1/ Banks Bounce Back

After slicing to its lowest level since September 2020, the Regional Banks ETF (KRE) quickly recovered and has rallied roughly 9% in the past two days.

Not only are these stocks an excellent indicator to measure risk appetite, but banks represent the most significant industry weighting in small-cap equity indexes.

As you can see, KRE is reclaiming a critical level of former support at the $41.30 level. Additionally, momentum is accelerating higher, reaching its highest level in four months.

As long as this economically sensitive group remains above this support level, it is likely that a tradable low is in. This is also a positive sign for the overall market, as it supports the sector rotation taking place since last week.

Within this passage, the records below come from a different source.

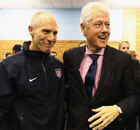 Former US President Bill Clinton got to his feet to celebrate his team's last-gasp goal against Algeria at the World Cup.
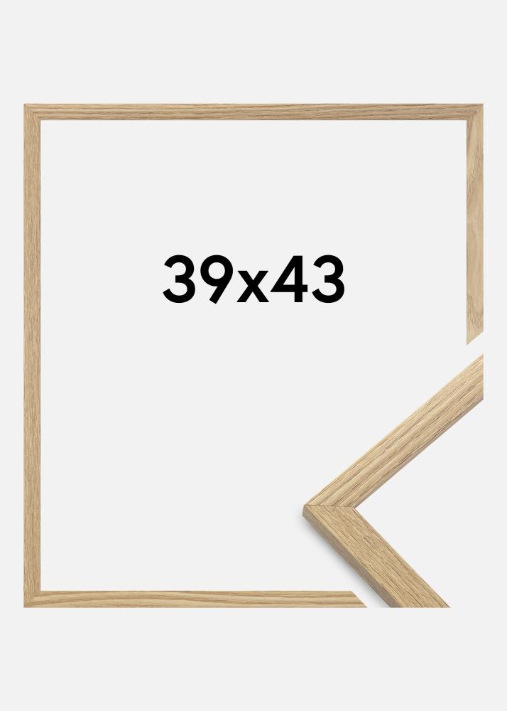 Rama jest wykonana z materiału MDF z foliowaną powierzchnią w kolorze dębu i ma cienki profil ramy o szerokości 14 mm. Jest dużo miejsca, aby uzupełnić zdjęcia luksusowym passe-partout, dzięki wewnętrznej głębokości ramy (głębokość felc) wynoszącej 12 mm.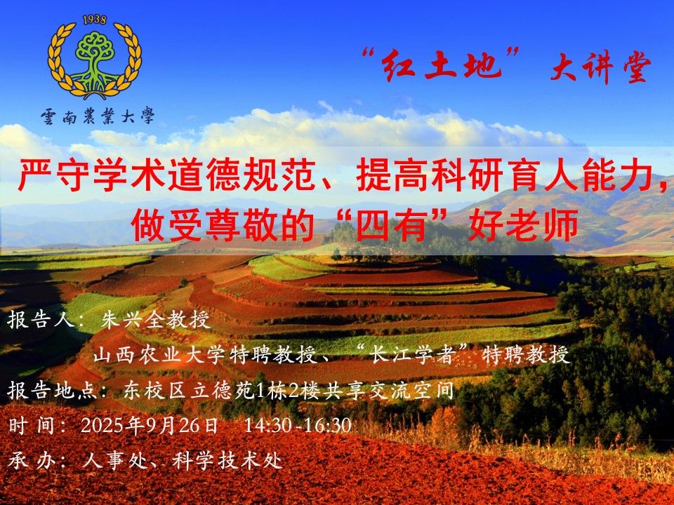 9月26日“红土地”大讲堂:严守学术道德规范、提高科研育人能力,做受尊敬的“四有”好老师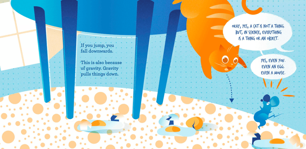 Dominantly rendered in tones of blue, green, cyan, and purple respectively, the books walk a child through the science behind the phenomena mentioned above. Scientific terms are printed in bold to gently set them apart from the rest of the text. Each spread also contains the narrator’s clever, snappy conversation with her cat, Smartypants (depicted in a lush orange), which is related to the facts discussed.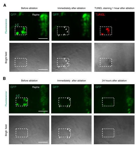 Confirmation of LC neuron death induced by two-photon laser-based ablation, Related to Figure 2.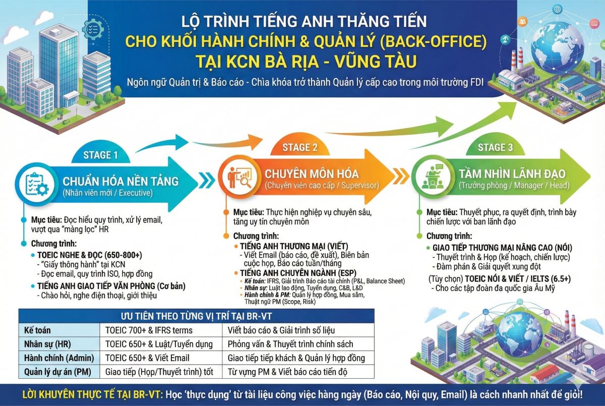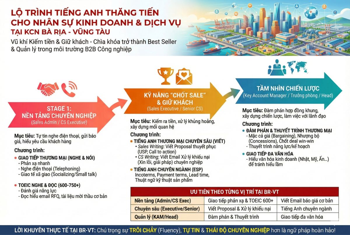 LỘ TRÌNH TIẾNG ANH THĂNG TIẾN CHO NHÂN SỰ KINH DOANH & DỊCH VỤ TẠI KCN BÀ RỊA – VŨNG TÀU
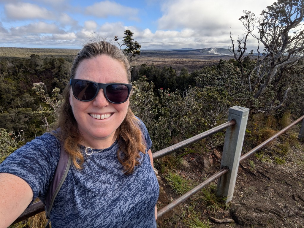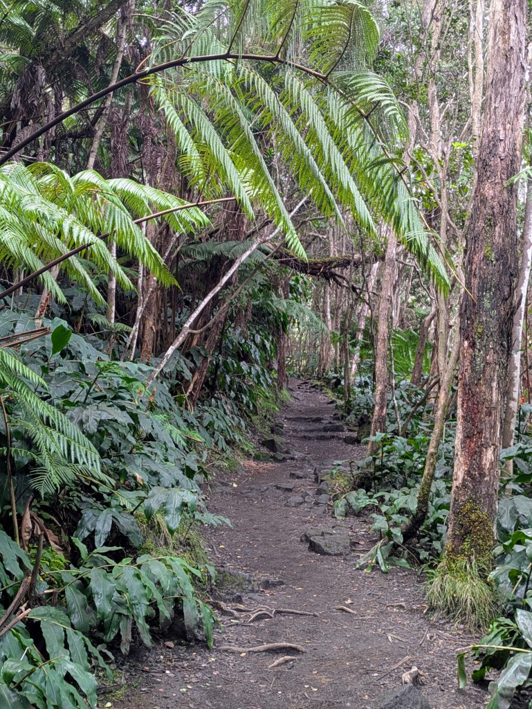 The next morning, I walked the Kilauea Iki Crater Walk. I parked at the Kilauea Iki overlook parking lot and walked the 4 mile loop counterclockwise. This allowed me to walk down the steep stairs and up the shaded switchbacks at the end.
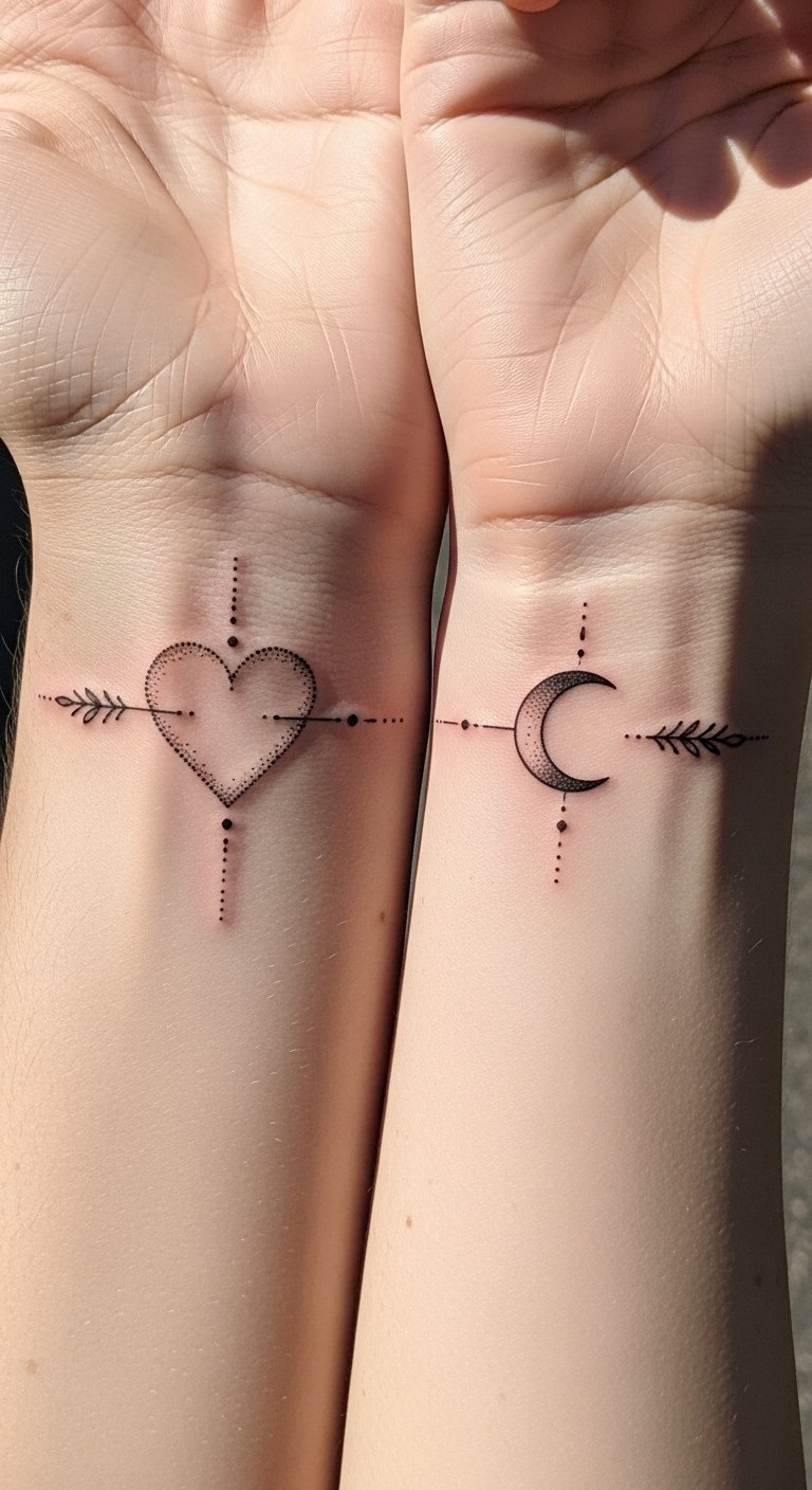 The mirrored heart-and-moon imagery symbolizes mutual support and complementary energies—affection and introspection—evoking warmth, trust, and quiet constancy; ideal placements are inner wrist or inner forearm so the halves align when hands meet, creating an intimate gesture that reads as a single emblem and carries subtle everyday significance.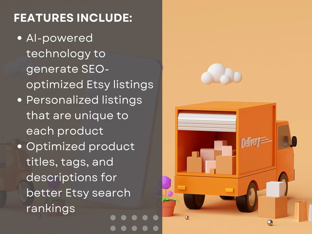 Looking to boost your Etsy sales? Our AI-powered ChatGPT Etsy Listing Generator creates SEO-optimized product listings for Etsy business owners. Say goodbye to tedious copywriting and let our tool do the work for you! Simply input your product details and watch as ChatGPT generates high-quality, personalized descriptions, titles, and tags that will improve your Etsy search rankings and attract more potential customers. Try it now and see your Etsy business thrive!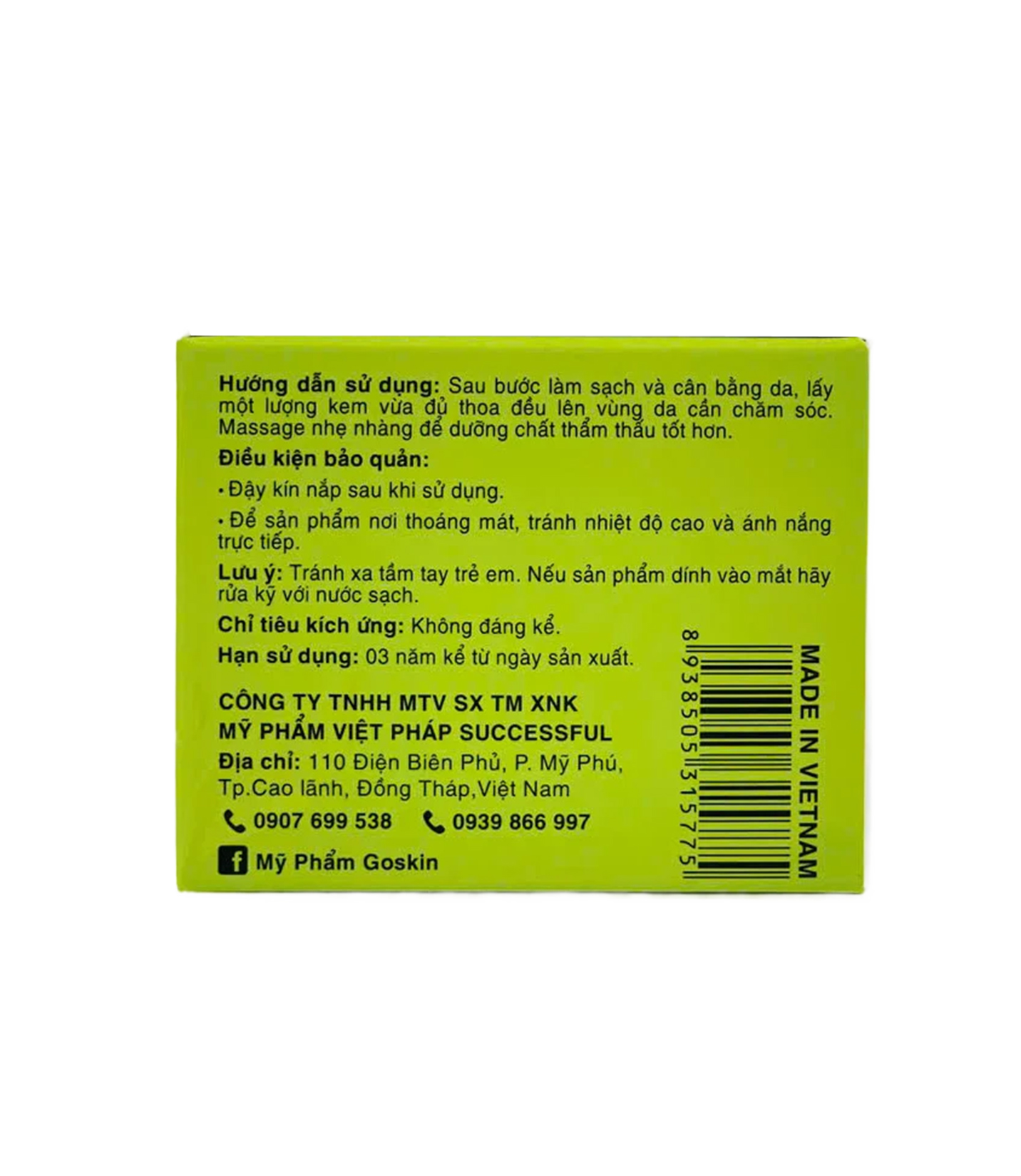 Thành phần: Vaselin, Ethylhexyl Palmitate, Glyceryl Stearate, Titanium Dioxide, Pearl Powder (Ngọc Trai), Betaine Salicylate, Octylmethoxycinnamate, Phaseolus Radiatus Seed and Oat Meal Extract, Tocopheryl Acetate, Parfum, Co-Enzyme Q10, SI-2 YELLOW LLXLO, Methylparaben, Propylparaben, Snail Secretion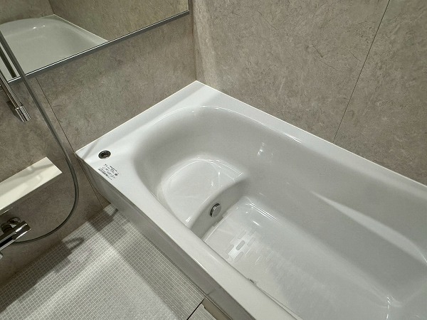 シンプルカラーのバスルームは、追い焚き・換気・乾燥・暖房機能付き。浴室乾燥機能を利用すれば、天候を気にせずにお洗濯ができます♪シャワーヘッドは大きめなので、広い範囲にお湯が広がり、体を早く温めることができますよ。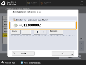 Il numero di fax per la linea 1 è stato registrato. Successivamente, registrare il nome unità.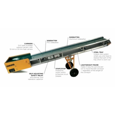 Uanset om opgaven er at fjerne udgravet jord eller transportere byggematerialer, er SoRoTo transportbåndet et effektivt og holdbart valg, der bidrager til en mere strømlinet arbejdsgang.

2/ A Logical Level for New Leadership

We’ve been alerting investors to what looks like the early stages of a significant rotation out of big-cap tech and into small-cap stocks.

One way to visualize this theme is through the ratio between the iShares Core S&P Small-Cap ETF (IJR) and Large-Cap Technology Sector ETF (XLK):

The ratio violated a critical support level and reached multi-year lows last week. However, buyers immediately stepped in and are trying to reclaim this former support at the 2020 low. This potential failed breakdown could result in a fast move in the opposite direction over the coming weeks.

There’s also a bullish momentum divergence in place as the 14-day relative strength index (RSI) made a higher low despite the lower lows in price.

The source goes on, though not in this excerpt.